Okay, apologies in advance for asking a question that I'm certain has already been answered here...somewhere. Alas, my search-fu must be weak because I could not find the secret knowledge.

So what I need help with is figuring out a chainring size to go with my new (to me) Alfine 8 speed hub. I'd ideally like a gear range that's similar to a 32 tooth chainring with an 11-34 cassette, or perhaps a bit lower.

I tried to play with Sheldon Brown's gear calculator, but either I'm stoopid (entirely possible) or the calculator doesn't work for IGH's.

Any help is appreciated.


----------



## bikeisbetter (Aug 15, 2009)

Alfine gear ratios are 0.53, 0.64, 0.75, 0.85, 1, 1.22, 1.42 and 1.62 so if you want your low ratio to be 32/34~=0.94 with a 32 teeth chain ring, you're gonna need 0.53*32/18~=0.94 an 18 teeth sprocket.

32/18~=1,77 of primary ratio so you're very close to the safe side of how the hub can be configured. There is no consensus on MTBR (and never will be) on how low can one go, typical Shimano recommendation for their other hubs is 1.9 or 2. I ride 38/21~=1.8 and the hub (Nexus SG-8R36) does not seem to be overtorque'd at all (although it clunks occasionally when powershifted, solution: don't powershift). Others ride 32/22~=1.45 and report the hub alive.
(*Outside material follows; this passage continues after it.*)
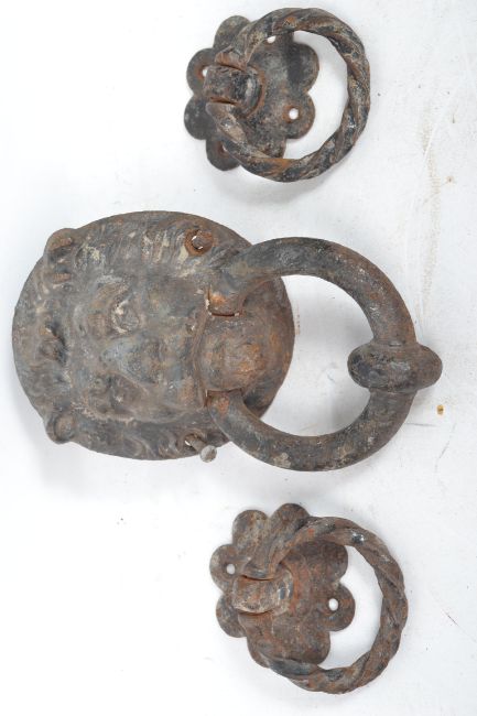 An early 20th century cast iron lion mask door knocker along with a pair of smaller floral door knockers.
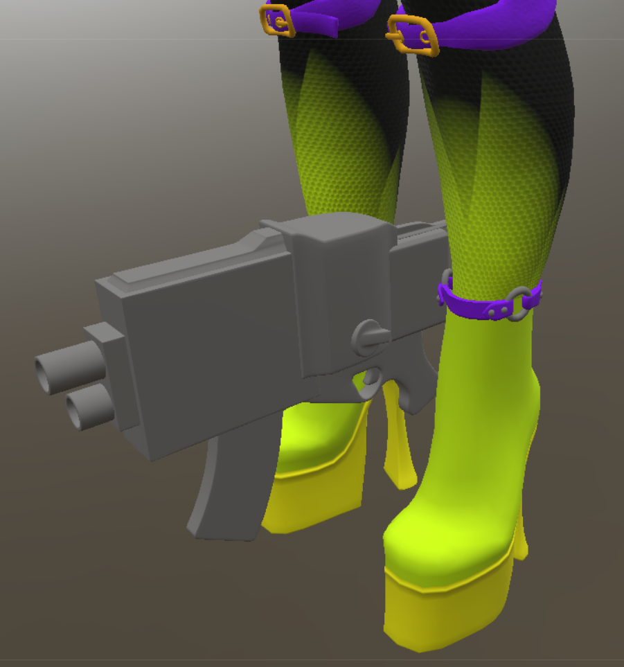 Only the silly gun is missing its texture, and in 3DCoat, I have everything exported, so I can better color match or see if the normals are all similarly scaled. I go back and forth between this, DS, and GIMP. I also need to line up the normals for the boots. The soles themselves don't need to have the scaly appearance.

Someone apparently blew it at 26/20.


----------



## irrah (Dec 18, 2008)

mtb143 said:


> So what I need help with is figuring out a chainring size to go with my new (to me) Alfine 8 speed hub. I'd ideally like a gear range that's similar to a 32 tooth chainring with an 11-34 cassette, or perhaps a bit lower.
> 
> I tried to play with Sheldon Brown's gear calculator, but either I'm stoopid (entirely possible) or the calculator doesn't work for IGH's.
> 
> Any help is appreciated.


hi,

Try this excellent gear-calculator.com calculator.
It allows you to compare the different gearing options.
Just click and move the cogs and chainrings.
http://www.gear-calculator.com/#KB=...19,21,23,26,30,34&GT2=DERS&TF=85&UF=2075&SL=2
(Shimano inter8=Alfine)


----------



## mtb143 (Aug 26, 2007)

Thanks, gents! 

@irrah, that gear calculator is brilliant!

@bikeisbetter, even better, now I see how to do the maths! Many thanks.


----------



## pursuiter (May 28, 2008)

bikeisbetter said:


> ...Someone apparently blew it at 26/20.
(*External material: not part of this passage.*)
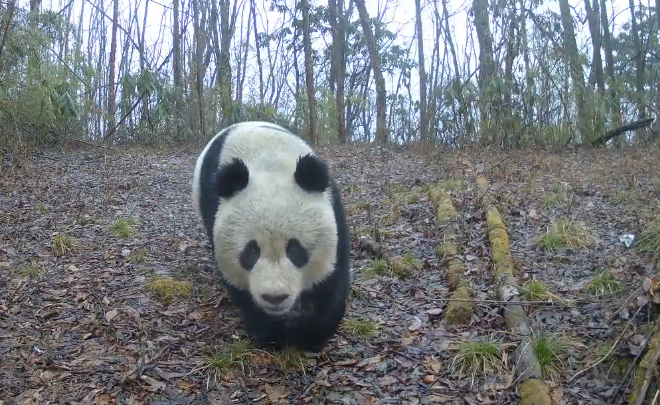 绵阳北川国有林场:萌态十足!红外相机记录野生大熊猫活动画面

No, he didn't assemble the cog onto the hub correctly, he fixed his mistake, it's still working.


----------



## presslab (Jan 5, 2007)

I broke my Alfine 8 running 32/20. So guess what? I just built a Alfine 11 and now running 32/22!

Actually I think a brief incident of cable misalignment fatally damaged my Alfine 8. Time will tell how 32/22 lasts but I know that my bad knee thanks me!


----------



## Leopold Porkstacker (Apr 21, 2010)

presslab said:


> I broke my Alfine 8 running 32/20. So guess what? I just built a Alfine 11 and now running 32/22!
> 
> Actually I think a brief incident of cable misalignment fatally damaged my Alfine 8. Time will tell how 32/22 lasts but I know that my bad knee thanks me!


Curious, how many miles had you put on it before it broke? I am running a 32/16 and everything seems to have been running smoothly for the last 2000 miles; the previous 900 miles were running a 36/17.


----------



## presslab (Jan 5, 2007)

I would estimate around 800 miles before it broke. The 2nd gear pawl broke, disabling 2nd and 6th gear. I also had done some creek fording and had water inside the hub twice. The roller clutches would grind when there was water in there.

After removing the broken pawl, I rode it for another 500 miles after that and it is still working now, albeit without 2nd and 6th.


----------